HH: With a newspaper. Yeah.
LA: Delicious.
HH: And then the next place we went to was Morovia, the capital of Liberia. And I'd known some friends there. So Liberia felt like a reprieve. It felt like joy. It felt like a vacation. Morovia can almost feel like a beach town because it's on the ocean. I had sushi every night. I was staying in an incredible hotel where everybody was just so welcoming.
And then we went to Lebanon after that. We went to Beirut and then went all over Lebanon for 10 days. And again, same thing in Beirut, just kindness and open doors and so much food and conversation and joy. I feel very grateful because every place offered a new way of seeing things.
LA: After the break, what these very different food traditions have in common.
You're back with women Who Travel.
Okay, moving on, we've got to talk about the recipes.
HH: Okay.
LA: I think of there's so many commonalities between different recipes or foods around the world. What were some of the kind of recurring things that you found in these recipes that are from all these different places with different stories?

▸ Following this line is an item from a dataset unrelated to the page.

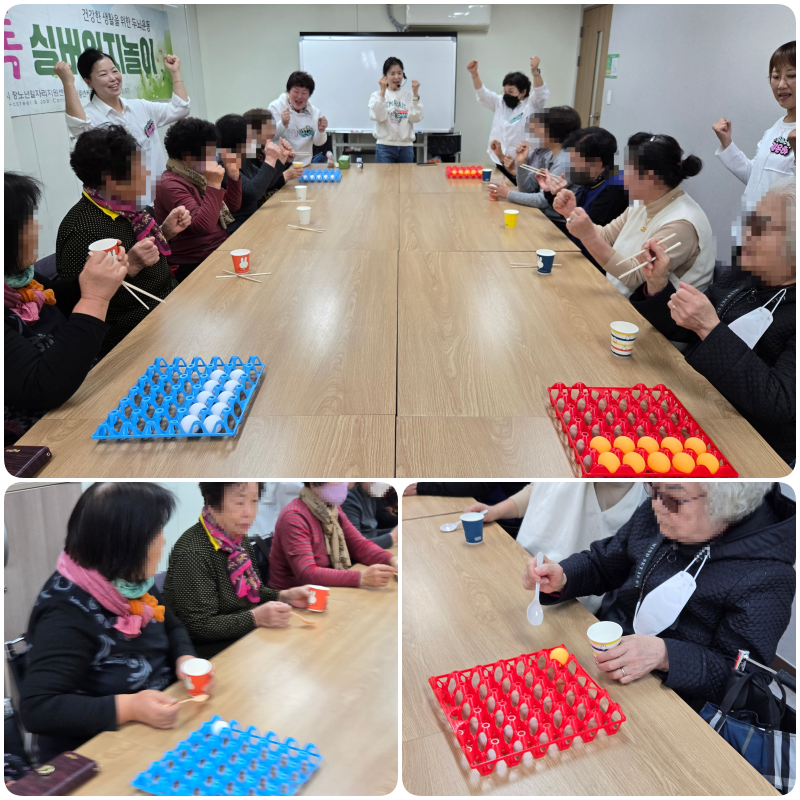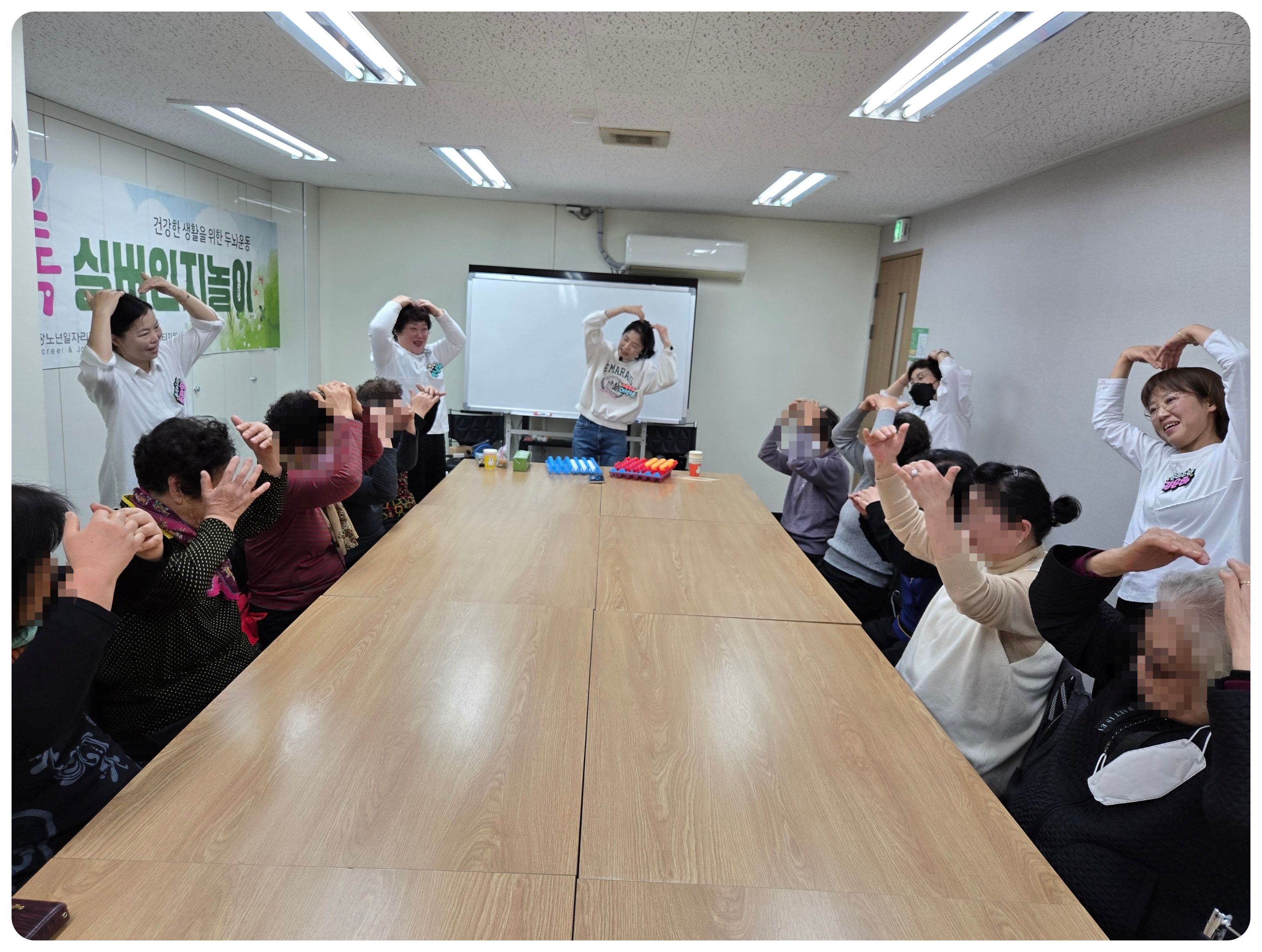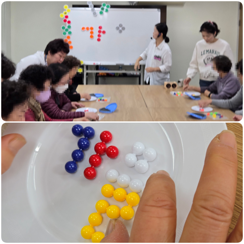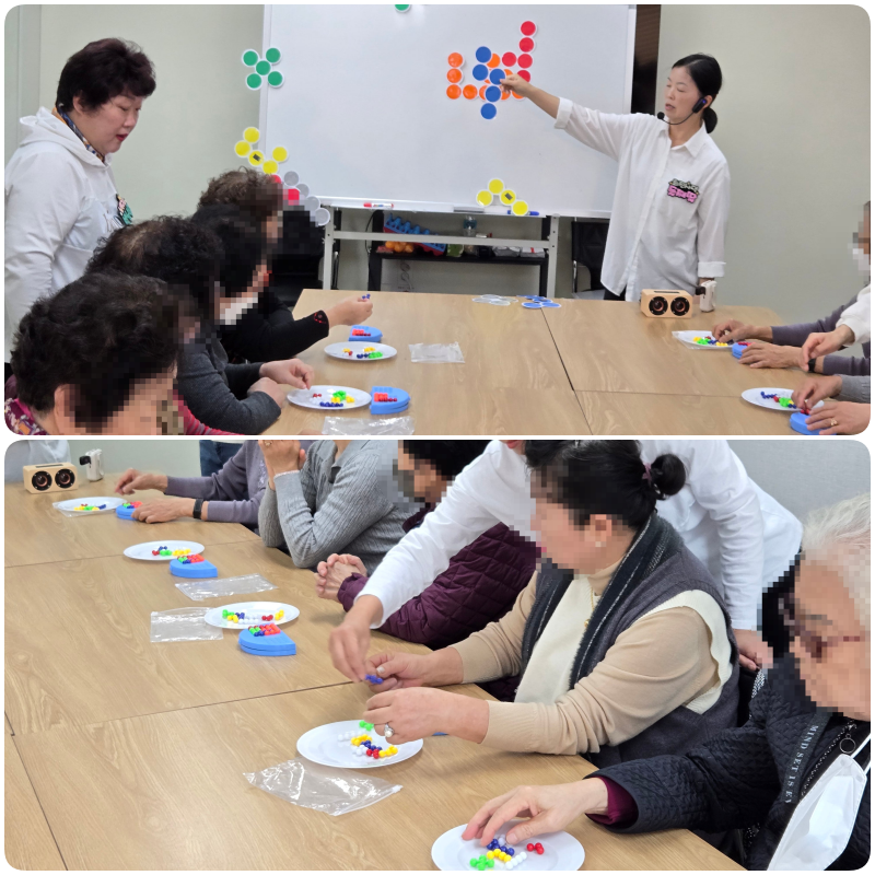 일시 : 2025년 11월 27일(목) 10:00~11:00 장소 : 어진샘노인종합복지관 후원 : 부산광역시 장노년일자리지원센터 주관 : 기억톡톡실버인지놀이 내용 : 1. 구슬퍼즐 인지활동                 구슬의 모양, 색깔 분류하기 > 글자 만들어 보기(한 글자, 두 글자) > 입체 피라미드 만들기 > 카드보며 도형 맞추기             2. 탁구공을 활용한 신체활동                 탁구공 수수께끼 게임 > 탁구공 탐색 >탁구공 옮기기 게임 진행(종이컵, 숟가락, 젓가락 등 옮기는 도구 변화) 이번 활동은 어진샘노인종합복지관의 요청으로 진행된 2회차 중 두번 째 시간이었습니다. 구슬퍼즐 인지활동과 협동.순발력 중심의 탁구공 옮기기 게임으로 구성되었으며, 어르신들의 인지자극, 소근육 협응력 향상, 사회적 상호작용 증진에 긍정적인 효과가 있었습니다. 구슬퍼즐 활동에서는 색깔 분류, 카드 매칭, 퍼즐 완성 과정을 통해 집중력과 성취감을 느낄 수 있었으며, 특히 완성 후 "내가 했네!"라고 말씀하시며 자신감과 만족감을 표현하시는 모습이 인상적이었습니다. 이어 진행된 탁구공 게임에서는 팀을 이루어 참여하며 협동심과 운동의 즐거움을 경험하셨습니다.  "천천히, 괜찮아!"라고 서로 응원해 주시며 정서적 교류가 나타나는 모습을 확인할 수 있었습니다. 활동이 끝난 후 어르신들께서는 "다음 주에도 오나?", "오늘 정말 재미있었다!" 며 아쉬움을 표현해주셨습니다. 오늘이 마지막 시간이었지만 "내년에 기회가 된다면 다시 뵙고 싶다." 고 인사드리며 따뜻하게 활동을 마무리할 수 있었습니다.

HH: One thing that I saw everywhere is that people's usage of dates.
LA: Oh.
HH: I thought that was really nice. Some people were drinking date tea, some people were making date soup, some people were making date cookies. There's a date cookie recipe in the book. I also loved people's capacity to eat sweet and savory together, which for me, I do because we're Somalis.
LA: Did you walk away from that thinking, "I want to bring some of this back into my own cooking in my own life." Or did it feel like when you come back from vacation and you're like, "I'm going to change everything," and then you get back and it's just immediately everything's the same?
HH: Yeah, I did. I mean, as soon as I was done with the book, I made a lot of stews, which was, I mean, my husband once said to me, he's like, "What is it with you and these stews?"
LA: And you're like, "I'm slowing down."
HH: Yeah. He didn't understand that. God bless his heart. But I did come back and I was cooking a lot slower.
LA: Were there any foods that you tried that you were surprised that they reminded you of Somali food? I think sometimes it's like you can have a cuisine that seems so different to your own, and then you suddenly are like, "That flavor or that method of preparation reminds me of this dish and I would've never have expected it."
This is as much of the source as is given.